5. Assignment 5: Constructing Datasets#

accept the assignment

Due: 2020-10-12

Eligible skills: (links to checklists)

  • first chance construct 1 and 2

  • (last assignment*) access 1 and 2

  • (last assignment*) python 1 and 2

  • (last assignment*) prepare 1 and 2

  • summarize 1 and 2

  • visualize 1 and 2

these skills will be eligible in future portfolio checks, but not future assignments

5.1. Constructing Datasets#

Hint

there is a section of datasets that are provided in multiple parts

Your goal is to programmatically construct three (3) ready to analyze datasets from multiple sources.

  • Each dataset must combine at least 2 source tables(minimum 4 total source tables).

  • At least one source table must come from a database or from web scraping.

  • You should use at least two different joins(types of merges, or concat).

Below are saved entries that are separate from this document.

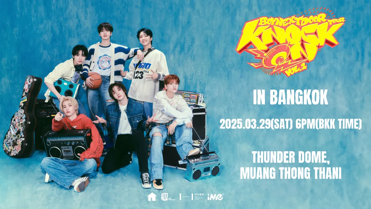 6 หนุ่มบอยกรุ๊ปสุดฮอต BOYNEXTDOOR ทั้ง “ซองโฮ (SUNGHO), รีอู (RIWOO), แจฮยอน (JAEHYUN), แทชาน (TAESAN), อีฮัน (LEEHAN)” และ “อุนฮัก (WOONHAK)” ที่ใกล้จะได้มาขึ้นเวทีแสดงคอนเสิร์ตใหญ่ที่ประเทศไทยแล้ว กับงาน “BOYNEXTDOOR TOUR ‘KNOCK ONVol.1’ IN BANGKOK” ในวันเสาร์ที่ 29 มีนาคม 2568 ณ ธันเดอร์โดม เมืองทองธานี
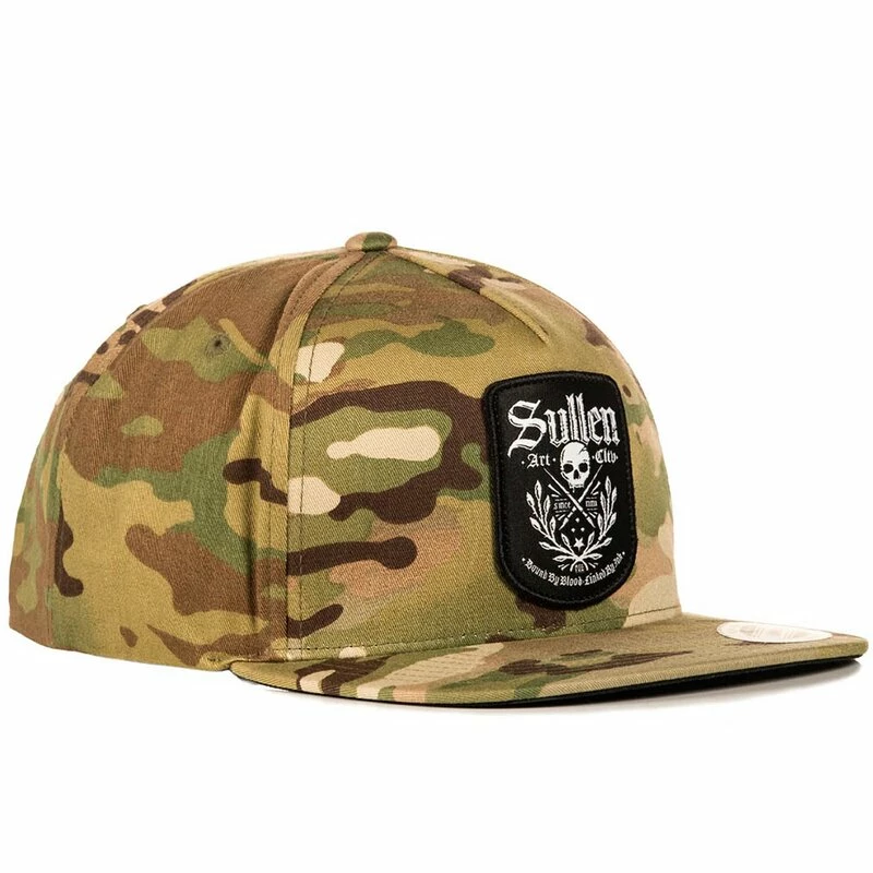 Basecap von Sullen Art Collective. Die Bound Mütze hat ein Logo Patch auf der Vorderseite, und einen Logo Print auf der Unterseite des Schirms. Sie hat eine Mutlticam Camouflage Muster.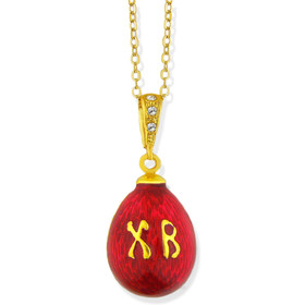 8685-R ( PRE ORDER ) Faberge Style Red Egg Pendant XB Christ is Risen Sterling Silver 925 1 inch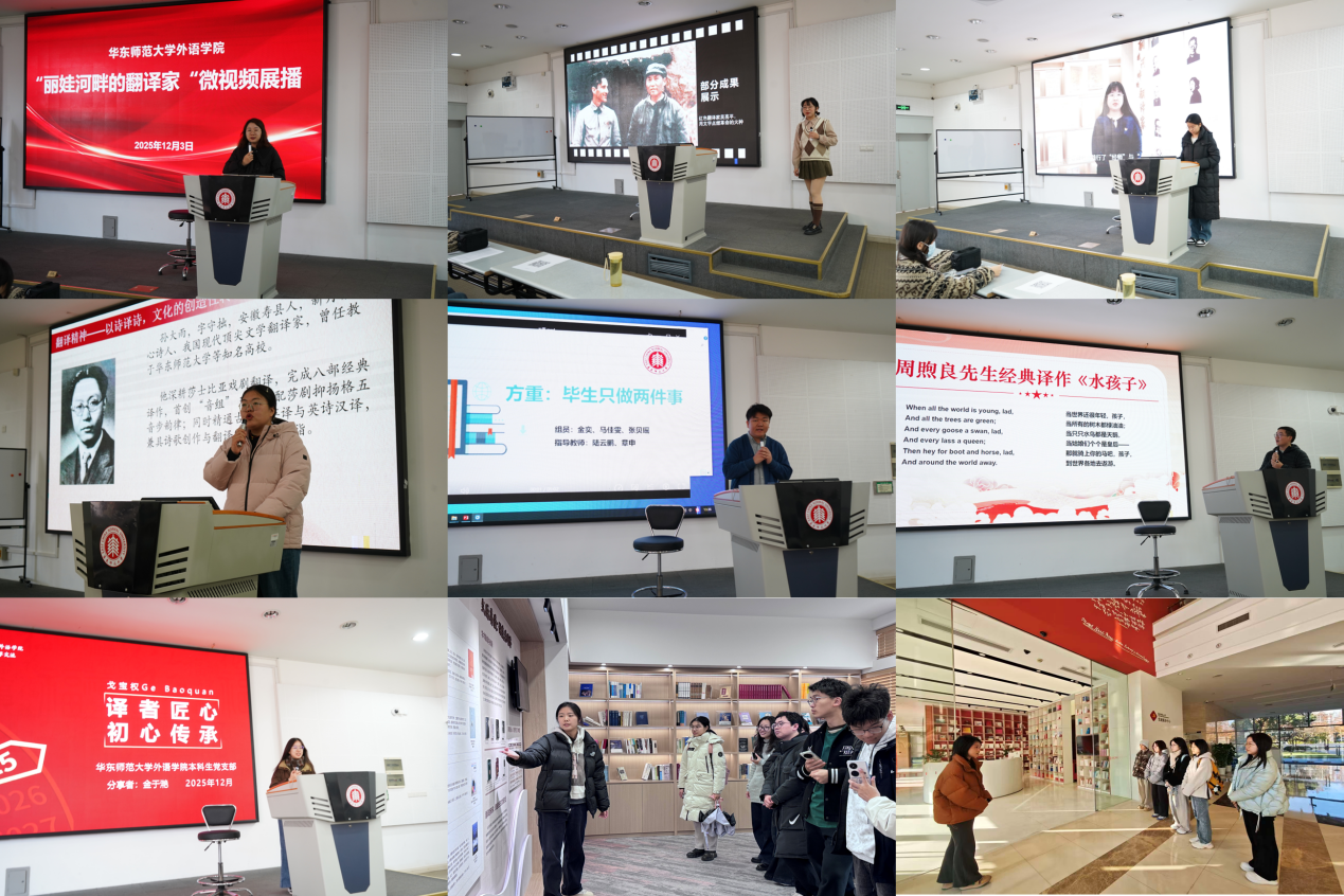 12月3日,美女自慰 举行“丽娃河畔的翻译家”微视频展播活动,活动由兼职组织员冯烨主持。美女自慰 各学生党支部党员代表围绕视频内容对翻译家精神进行充分解读和展示,系统呈现了从大夏大学、光华大学到华东师大建校后的翻译家群像,同时结合如何弘扬教育家精神、助力教育强国建设提出了自己的认识。活动深化了学员对新时代挺膺担当中国式现代化建设的历史自觉和使命自觉。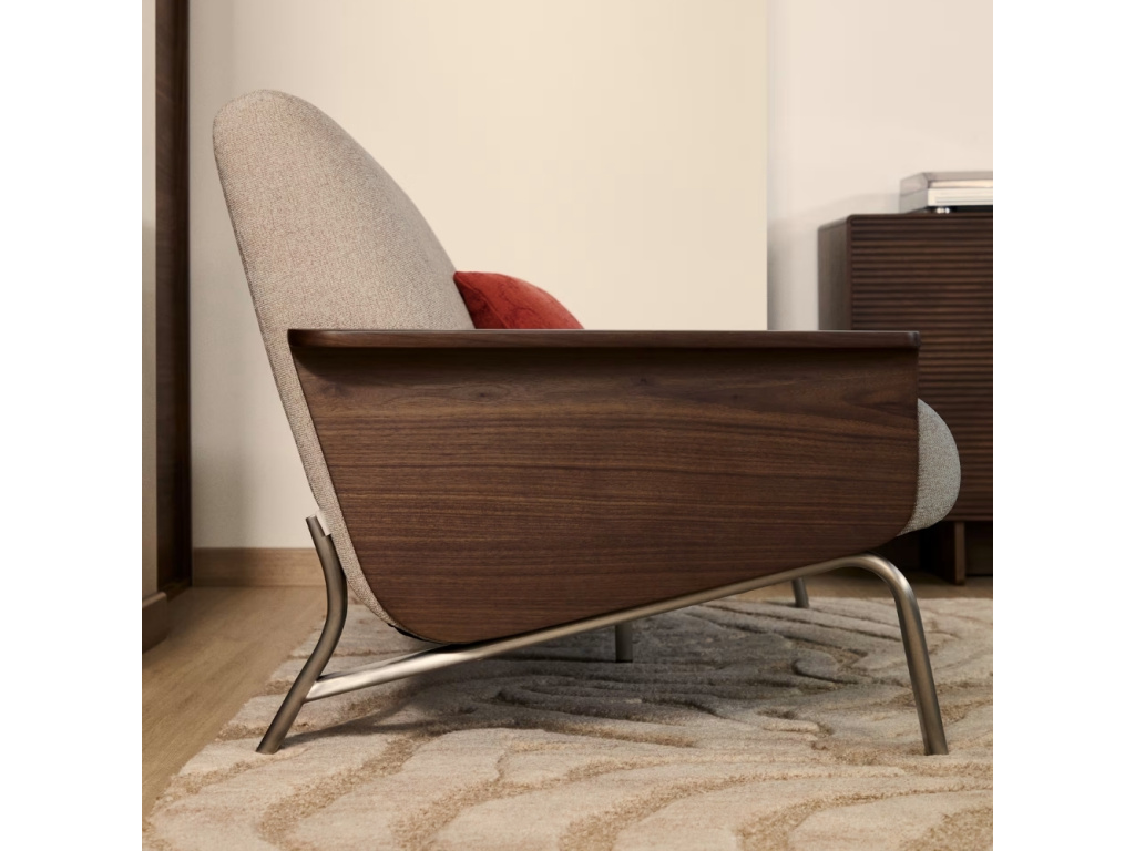 Pohovka Amsen je jako stvořená pro chvíle, kdy si chcete na chvilku odpočinout a vypnout. Její tvarované skořepina z ořechové dýhy obepíná tělo s jemností, která vás doslova zve k usazení. Světle hnědé čalounění působí měkce a příjemně, zatímco štíhlé nohy z broušené nerezové oceli dodávají pohovce moderní šmrnc. Ať už ji postavíte do obývacího pokoje, nebo třeba do pracovny, Amsen si vás získá svou pohodlností i elegancí. Vyváženě kombinuje přírodní materiály a elegantní linie, které krásně zapadnou do různých typů interiérů – od skandinávských po současné městské. Pohovka je vyrobena z FSC® 100% certifikovaného dřeva, takže si kromě stylu domů přinesete i dobrý pocit z udržitelného výběru. Amsen je jednoduše kousek, ke kterému se budete rádi vracet každý den (hlavně když ji doplníte stejnojmennou podnožkou!). Vybrat si můžete hned ze dvou dostupných velikostí.

The notebook you submit should include:

  • a motivating question for why you’re combining the datasets in an introduction section

  • code and description of how you built and prepared each dataset. For each step, describe what you’re about to do, the code with output, interpretation that leads into the next step.

  • exploratory data analysis that shows why you built the data and confirms that is prepared enough to analyze.

  • For one pair of tables, show how a different merge could answer a different question.

For construct only you can include very minimal EDA.

5.2. Additional achievements#

To earn additional achievements, you must do more cleaning and/or exploratory data analysis.

5.2.1. Prepare level 2#

To earn level 2 for prepare, you must, either on component table(s) or the final dataset apply and explain transformations that meet whatever components are unchecked on your prepare level 2 issue.

5.2.2. Summarize and Visualize level 2#

To earn level 2 for summarize and/or visualize, include additional analyses after building the datasets.

Check your issues for what components we have not seen from you.

5.2.3. Python Level 2#

Use pythonic naming conventions throughout, AND:

  • Use pythonic loops and a list or dictionary OR

  • use a list or dictionary comprehension

Thinking Ahead

Compare the level 2 skill definitions to level 3, how could you extend and adapt what you’ve done to meet level 3?